For instance, with this command (executed in unix shell):

$ echo '(+ 1 2 3)' | racket -e '(read)'
'(+ 1 2 3)

…I have just parsed a chunk of source code "(+ 1 2 3)" into data - a list consisting of the symbol + and there numbers 1, 2 and 3, but have not executed it, just printed it back as data again. This small data structure can also be executed:

$ echo '(+ 1 2 3)' | racket -e '(eval (read))' # this is what happens normally
6

Notice how, conceptually, it’s not the source code that is executed, but the data structure - a list of items - that is read from the source code.

Reading is a separate, distinct operation from executing.

Nothing stops you from doing something with the data before executing it. For instance, running the following program would produce the familiar "hello world":

(define my-program
  ;; the single quote before the list means `read` that thing
  ;; as data but do not `eval` it yet.
  '(string-append "world" " " "hello"))

(eval (cons (first my-program) (reverse (rest my-program))))

In the above example I reversed all but the first element of my-program before executing it.

Now, this is obviously not what most Lisp programmers would normally do. But the fact that your program is a data structure changes how you think about it.

You can also read things you don’t plan executing at all. For instance, you can point the reading machinery of the interpreter at a configuration file without ever executing what’s inside, just using it as passive data.

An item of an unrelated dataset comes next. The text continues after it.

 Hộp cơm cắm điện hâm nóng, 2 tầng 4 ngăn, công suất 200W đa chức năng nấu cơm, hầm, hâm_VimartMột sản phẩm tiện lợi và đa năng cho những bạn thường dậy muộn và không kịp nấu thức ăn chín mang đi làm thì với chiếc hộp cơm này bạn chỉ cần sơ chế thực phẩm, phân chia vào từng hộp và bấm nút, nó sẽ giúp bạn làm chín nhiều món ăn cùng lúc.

Nevertheless, writing programs that transfrom themselves before being executed is very common in the Racket world, although this is done in a much cleaner and more declarative way using macros.

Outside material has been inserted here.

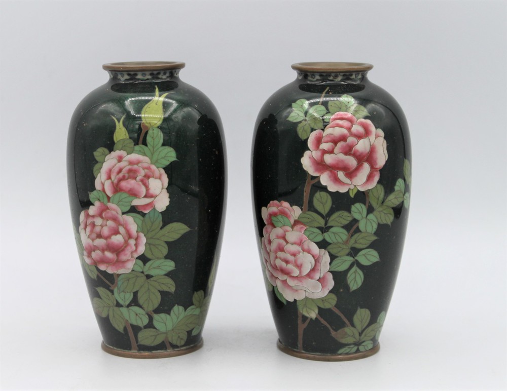 COPPIA DI VASI in smalto cloisonné a decori floreali. Cina inizi XX sec. cm 16

But why, you ask? Because programmers love abstractions and macros provide a way to abstract out patterns of code that emerge in this or that specific domain (or accross domains!).

I’ll end this post with a final example: a quite popular instance of macro use in Racket, providing a nice way to “pipe” values sequentially through a chain of operations:

#lang racket  ; selecting the main Racket dialect

(require threading)

(~> "world hello"
    (string-split " ")
    (reverse)
    (string-join " ")
    (string-append "💜"))

The (~> ...) fragment actually translates to:

(string-append
 (string-join
  (reverse
   (string-split "world hello" " "))
  " ")
 "💜")

The ~> form is not a language feature or special built-in syntax - it is a macro coming from a a third-party package. Macros are Lisp functions that transform Lisp code before it will be executed.

As you can see, the language allows great creativity and flexibility in applying itself (code) to itself (data), so to speak.

(Recursion in general is also practiced quite often by Lispers, but that is a topic for a dedicated blog post).